In her report, Baroness Lawrence - whose 18-year-old son Stephen was murdered in a racially motivated attack in 1993 - wrote: "Black, Asian and minority ethnic people have been over-exposed, under-protected, stigmatised and overlooked during this pandemic - and this has been generations in the making.

"The impact of Covid is not random, but foreseeable and inevitable, the consequence of decades of structural injustice, inequality and discrimination that blights our society."

The report said BAME workers were more likely than white people to work in "frontline" jobs and come into contact with coronavirus.

When accessing healthcare, there was a "lack of cultural and language-appropriate communication", with patients "not being taken seriously when presenting with symptoms", it added.

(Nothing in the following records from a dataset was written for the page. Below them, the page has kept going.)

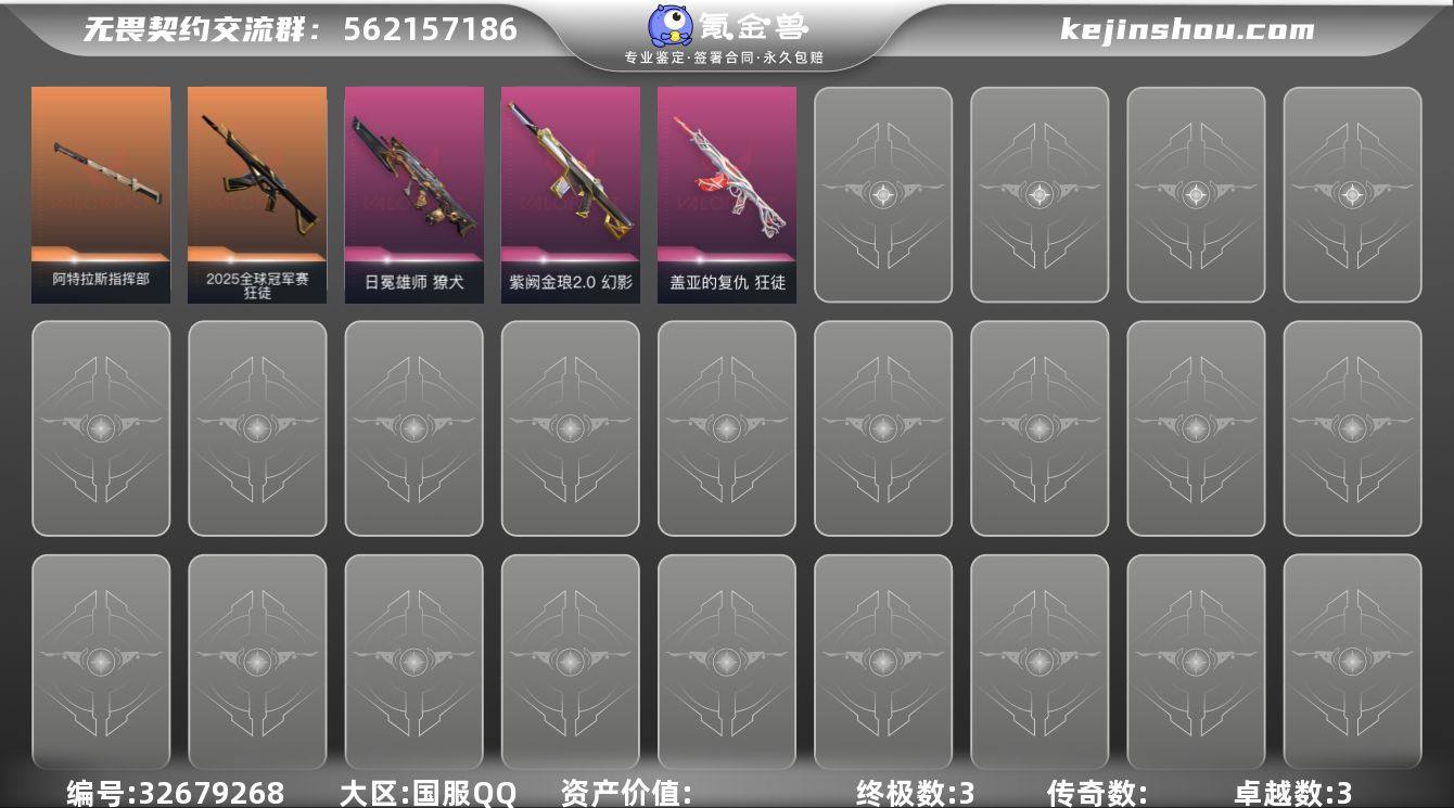 【qyz9688】【包人脸】【玩够能回血】【4枪1刀带紫金爪】 qyz9688 【近战武器】:近战武器-紫金爪刀,近战武器-阿特拉斯指挥部 甩棍 【狂徒】:狂徒-2025全球冠军赛,狂徒-盖亚的复仇 【幻影】:幻影-紫阙金琅//2.0 【獠犬】:獠犬-日冕雄师 【骇灵】:骇灵-无限竞技,骇灵-彩虹魔力小白马 【卡面】:分崩离析 卡面,Clutch 卡面,虹吸式咖啡壶 卡面,无畏契约GO!第一卷:芮娜 卡面,无畏契约GO!第一卷:零 卡面,代号红色 卡面,新兵报到 卡面,V契约 卡面,无畏契约 卡面 【喷漆】:聚合之力 喷漆,双人比心 喷漆,买装还是存钱 喷漆,皇冠拉花 喷漆,胜利属于无畏契约 喷漆,GLHF 喷漆,无畏契约 喷漆 【挂饰】:天外飞客 挂饰,无畏契约 纪念币 挂饰
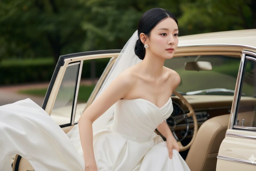 Giữ nguyên 100% khuôn mặt và vóc dáng từ ảnh tham chiếu. Tạo khung cảnh cô dâu thanh lịch đang bước ra khỏi một chiếc xe cổ màu kem. Váy cưới quây trang nhã, chất liệu nhẹ nhàng tạo sóng khi cô khum người bước ra, voan mỏng phủ nhẹ mái tóc. Trang điểm tông nhạt, da sáng mịn với má hồng tự nhiên và môi hồng nhẹ nhàng. Tóc búi thấp bóng mượt với vài lọn rủ nhẹ. Cô đeo khuyên ngọc trai cổ điển, ánh mắt quay đi tạo vẻ lãng mạn. Khung cảnh xung quanh có nội thất xe da beige và cây cỏ xanh tươi bên ngoài, ánh sáng tự nhiên ấm áp chiếu vào, tổng thể sang trọng, cổ điển và lãng mạn.
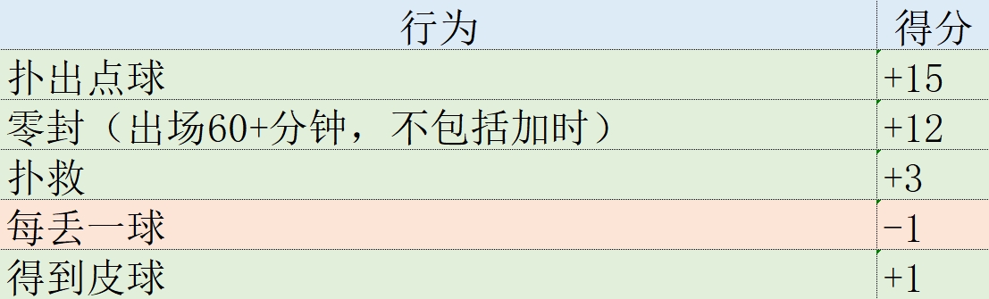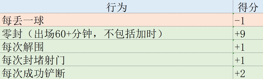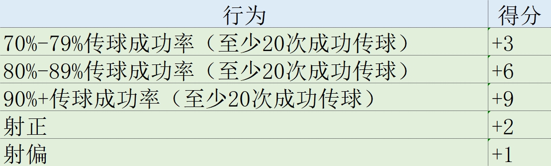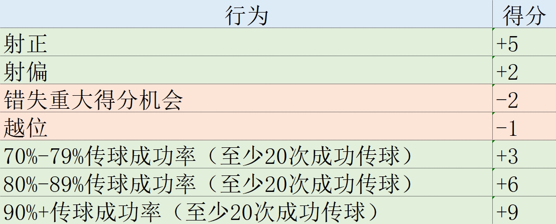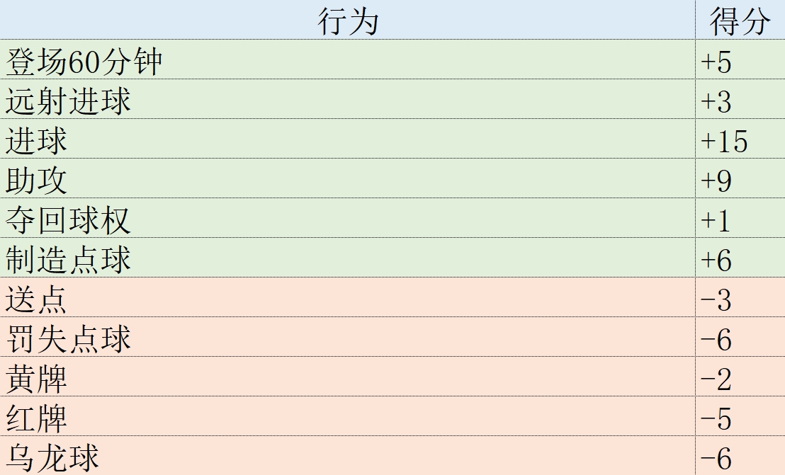 某些場上行為所產生的積分,例如進球、助攻和奪回球權,對所有位置的球員都是相同的。其他數據則取決于每個球員的具體位置。例如,零封、成功鏟斷和封堵是防守球員的關鍵數據,而射門和成功傳球是中場和前鋒的重要指標。
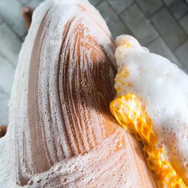Made from durable, porous nylon that dries quickly, minimizing bacterial growth and outperforming traditional loofahs and washcloths. -
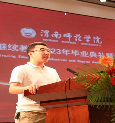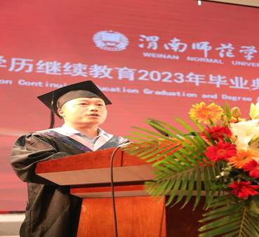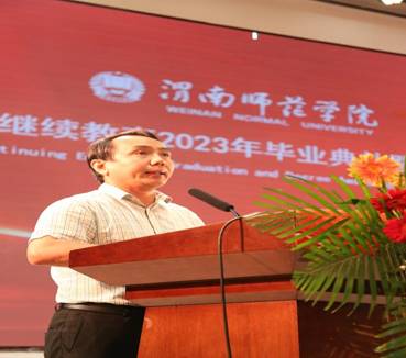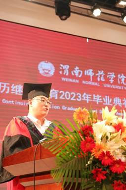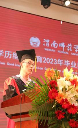 王菊霞致辞,她代表学校向圆满完成学业的毕业生致以热烈的祝贺,向为毕业生成长成才辛劳付出的老师和家属们表示衷心感谢和崇高敬意。在毕业生即将踏上新征程之际,她对大家提出三点希望:一是养成终身学习的习惯;二是永葆“敢于担当,勇于创新”的责任心;三是在人生的新起点上,践行渭师“天天奋斗,天天快乐”的学校精神。
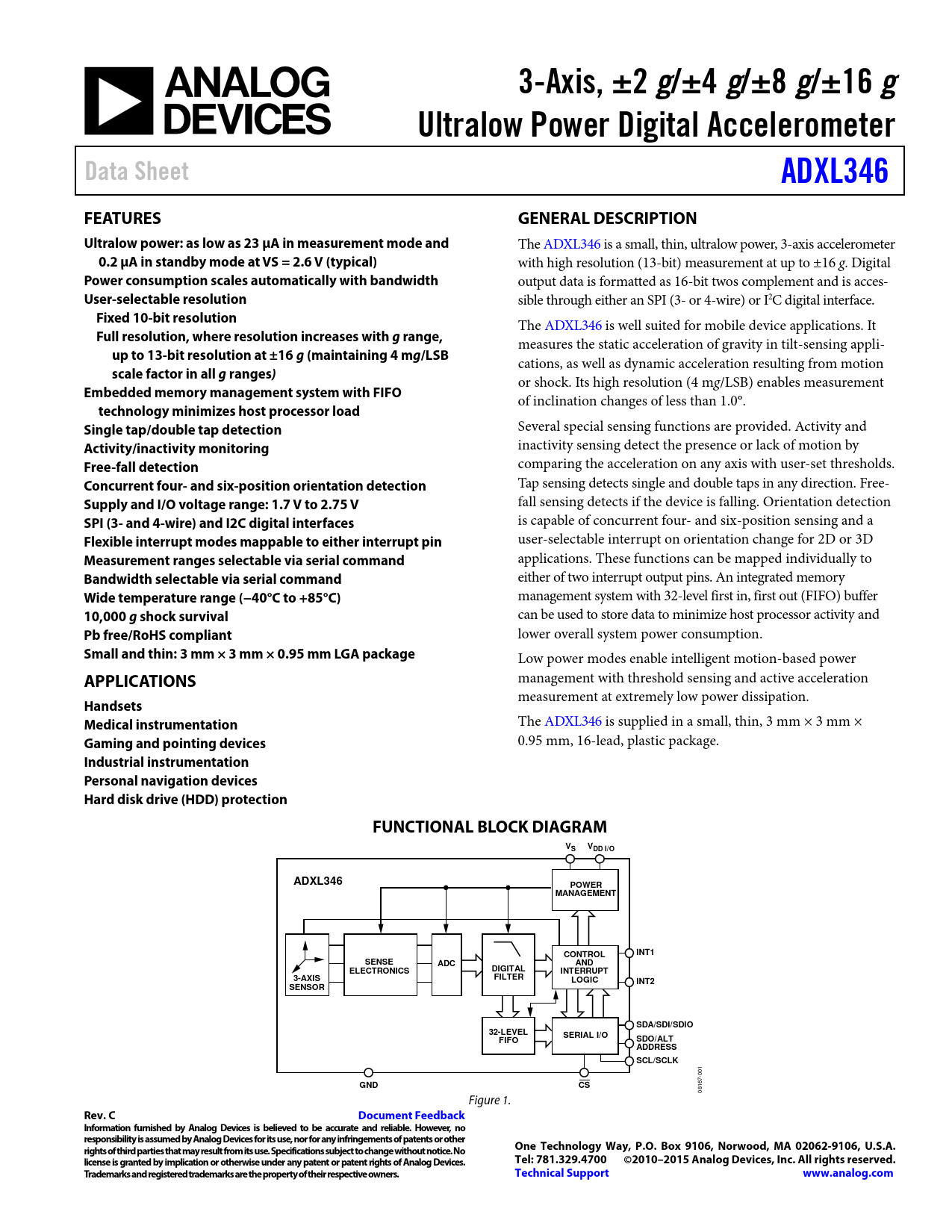 Industrial instrumentation Personal navigation devices Hard disk drive (HDD) protection FUNCTIONAL BLOCK DIAGRAM VS VDD I/O ADXL346 POWER MANAGEMENT CONTROL INT1 SENSE ADC AND ELECTRONICS DIGITAL INTERRUPT 3-AXIS FILTER LOGIC INT2 SENSOR SDA/SDI/SDIO 32-LEVEL SERIAL I/O FIFO SDO/ALT ADDRESS SCL/SCLK
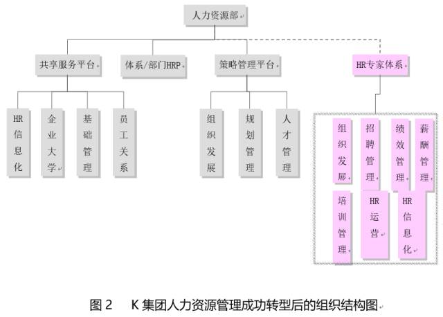 在這個(gè)組織結(jié)構(gòu)圖中,保留了K集團(tuán)人力資源管理的三級(jí)架構(gòu),明確了總部人力資源作為共享服務(wù)平臺(tái)、策略管理平臺(tái)、HR專(zhuān)家體系的三大目標(biāo)。
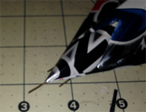 - Align and test fit your nose piece so that it sits flush on the lower fuselage surface, upper fuselage and is centered as well. The final position is indicated in the picture below. When you have the nose piece aligned properly, glue it into position as shown.
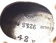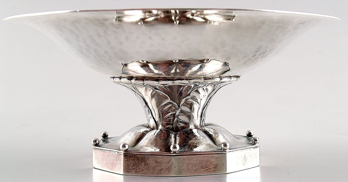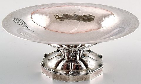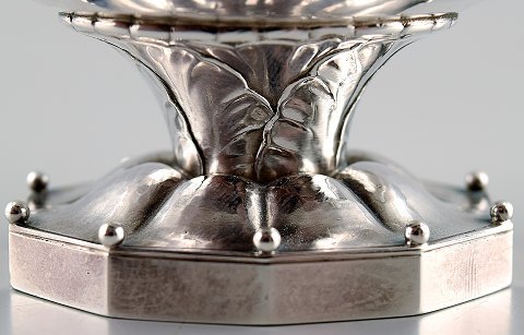 Georg Jensen: Oval skål af hammerslået sterlingsølv. Smedet med kantede fodstykker med kugler samt stammer med bladværk. Georg Jensen 1925-1932. Dessin 42 E. I god stand, med indgravering. Måler 10 x 4,5 cm.
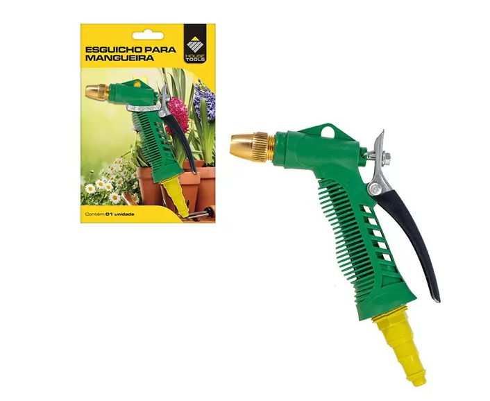 Este esguicho para jardim é ideal para o seu espaço verde. Com o corpo em liga de zinco, aço carbono e pp, é uma peça resistente e durável. Possui bico de metal reforçado, o que garante uma maior resistência e durabilidade. O gatilho com trava permite uma regulação do fluxo de água mais precisa e eficiente. Além disso, conta com um conector macho para engate rápido de 12,7mm (1/2"), o que facilita o uso em diversas situações. Com dimensões de 18 x 3 x 16,5cm, este esguicho é indicado para uso doméstico. A embalagem vem com suporte e as medidas são de 18,5 x 11,7 x 3cm. A cor predominante é verde. A marca House Tools garante qualidade e eficiência. Renove o seu jardim com este esguicho para jardim!
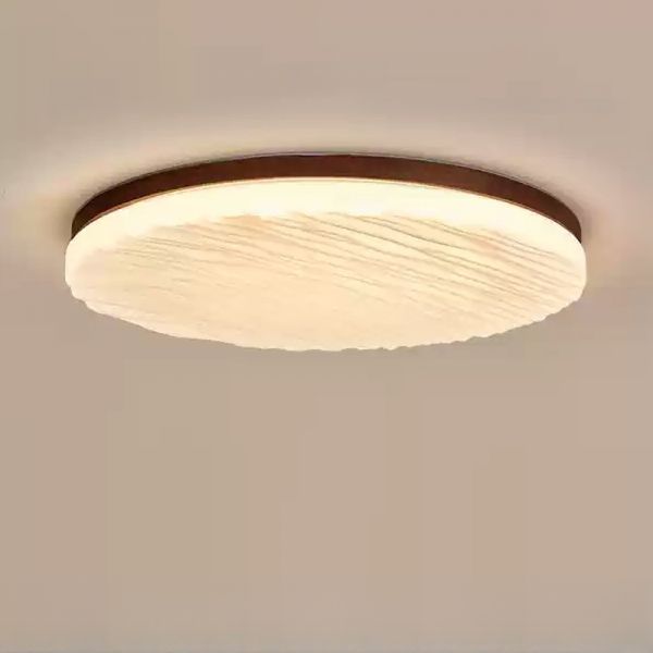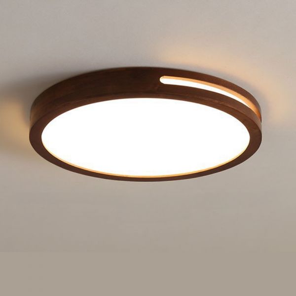 Sepia Wood Ceiling Sconce with White Light, 1 Light Plexiglass Shade, LED Light Fixture Surface Mount, 110V-120V, 12", Round
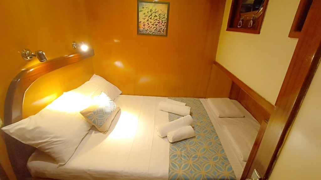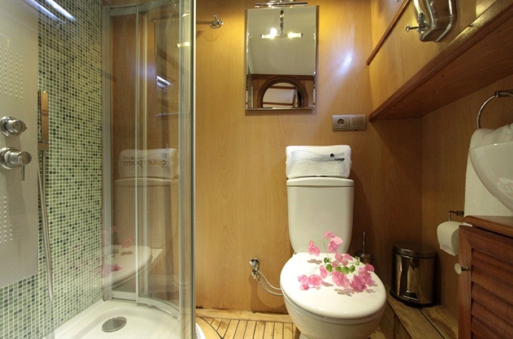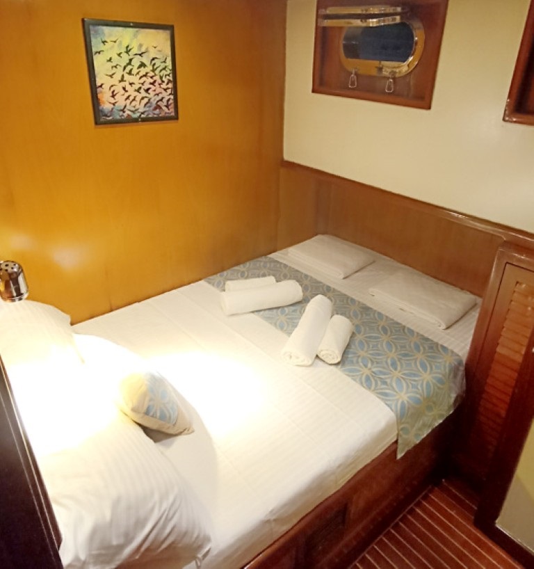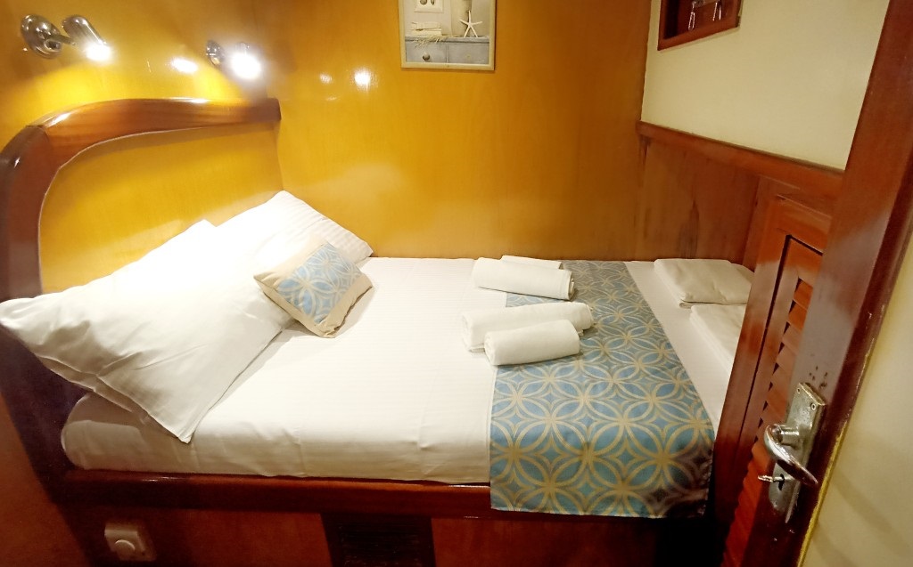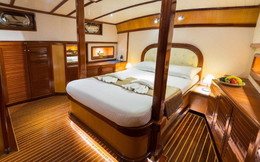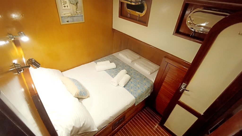 Toplam 3 kabinden oluşan teknemiz, 1 master ve 2 double kabiniyle 6 kişilik gruplara hizmet veren ideal bir 3 kabinli mürettebatlı tekne seçeneğidir. Kabinlerin her biri konforlu ve işlevsel şekilde düzenlenmiş olup, yaz aylarında klima kullanımıyla serin bir konaklama imkânı sunar.
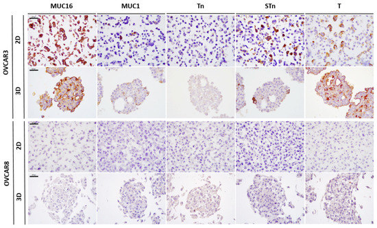 Expression of MUC16, MUC1, Tn, STn, and T in OVCAR3 and OVCAR8 cell lines, cultured in 2D and 3D conditions, assessed by immunocytochemistry. Scale bar, 200 µm.
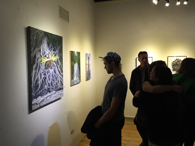 What these artists share, beyond skill, inventiveness, and an obvious shared love of art, is a kind of post-modernist surrealistic mindset. Mangan’s whiskey barrels tumbling over a cold waterfall and his luminous treasure chest caught up in tree roots are like modern day René Magrittes; and Roy’s “The Siege of Syracuse” is like a Salvador Dali painting if Dali had expended more energy on art and less on performance.
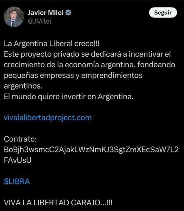 El viernes en la tarde Milei promocionó en sus cuentas de redes sociales una criptomoneda llamada $LIBRA como parte de un proyecto llamado “vivalalibertadproject.com”, que hace alusión directa al eslogan de campaña de Javier Milei “¡Viva la libertad, carajo!”. De hecho la página web está aún al aire y allí se explica y se relaciona el token (criptomoneda) $LIBRA con el presidente argentino.
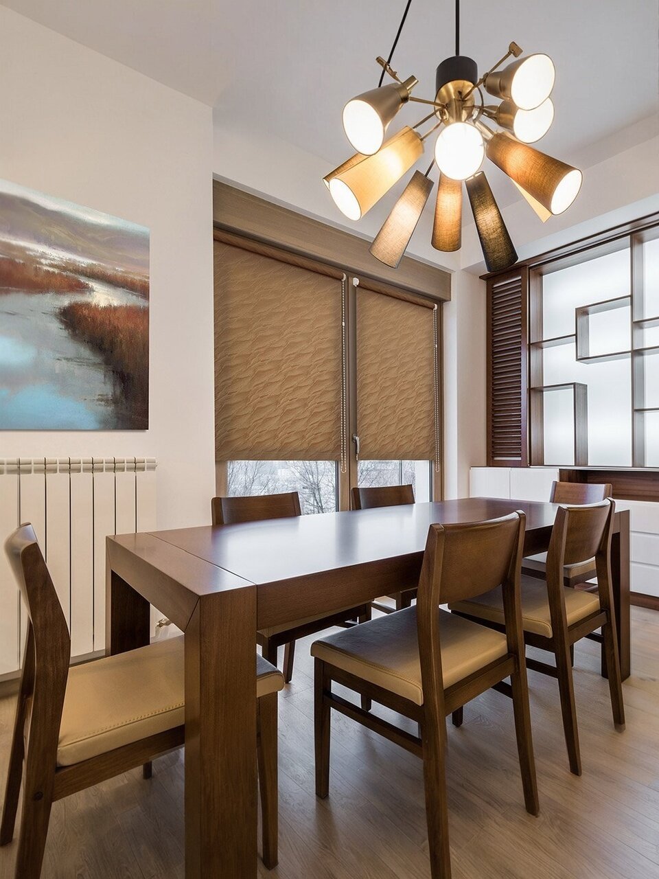Штора рулонная регулирует освещение комнаты, опускается до любого желаемого уровня.
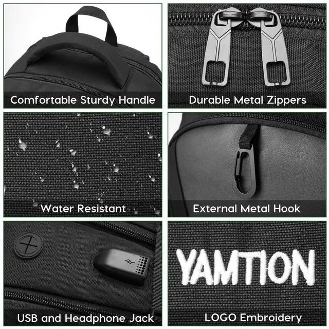 eatures: TSA FreindlyLarge CapacityLuggage StrapMetal hook on the frontThe logo is embroideredMade from waterproof polyesterUSB and Headphone PortWhat's in the
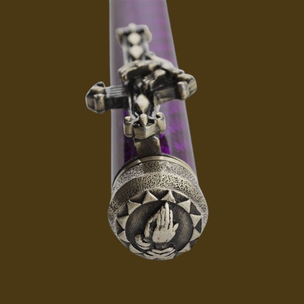 The defining feature of this pen is its cross-shaped clip, the central symbol of Christianity and the visual anchor of the design. Surrounding the cross are additional sacred elements that deepen its spiritual meaning. A dove represents the Holy Spirit, recalling the Baptism of Jesus when the Spirit descended in the form of a dove, as described in Scripture. Praying hands signify devotion, humility, and a life rooted in prayer, while the Bible represents God’s Word as the foundation of faith and truth. Candles, long associated with Christian worship, symbolize light, guidance, and the presence of God, reminding the faithful that Christ is the Light of the world.

BAME people were also "under-represented across the senior leadership of the NHS".

Baroness Lawrence, whose report was commissioned by Labour leader Sir Keir Starmer in April, said BAME groups had "also been subject to disgraceful racism as some have sought to blame different communities for the spread of the virus".

She asked ministers to outline a plan to tackle a rise in hate crime, with party leaders "issuing a joint statement condemning attempts to pit communities against one another".

"Covid-19 has thrived on inequalities that have long scarred British society," Baroness Lawrence, a Labour peer since 2013, said.

A Public Health England report published in June said factors such as racism and health inequality, external may have contributed to an increased risk of BAME communities catching and dying from Covid-19.

Dr Ali said last week that considerations such as occupation, living in crowded housing and having a pre-existing condition explained part of the difference.

However, Ms Badenoch said the risks "remained unexplained for some groups" and promised to report back to MPs at the end of the next quarter with the latest evidence.

A government spokesperson said that "many of the factors identified in the [Labour] report affect non-ethnic groups as well".

It was important to "identify the root causes of the disparities we're seeing and not assume they are evidence of discrimination or unfair treatment in public services like the NHS", they also said.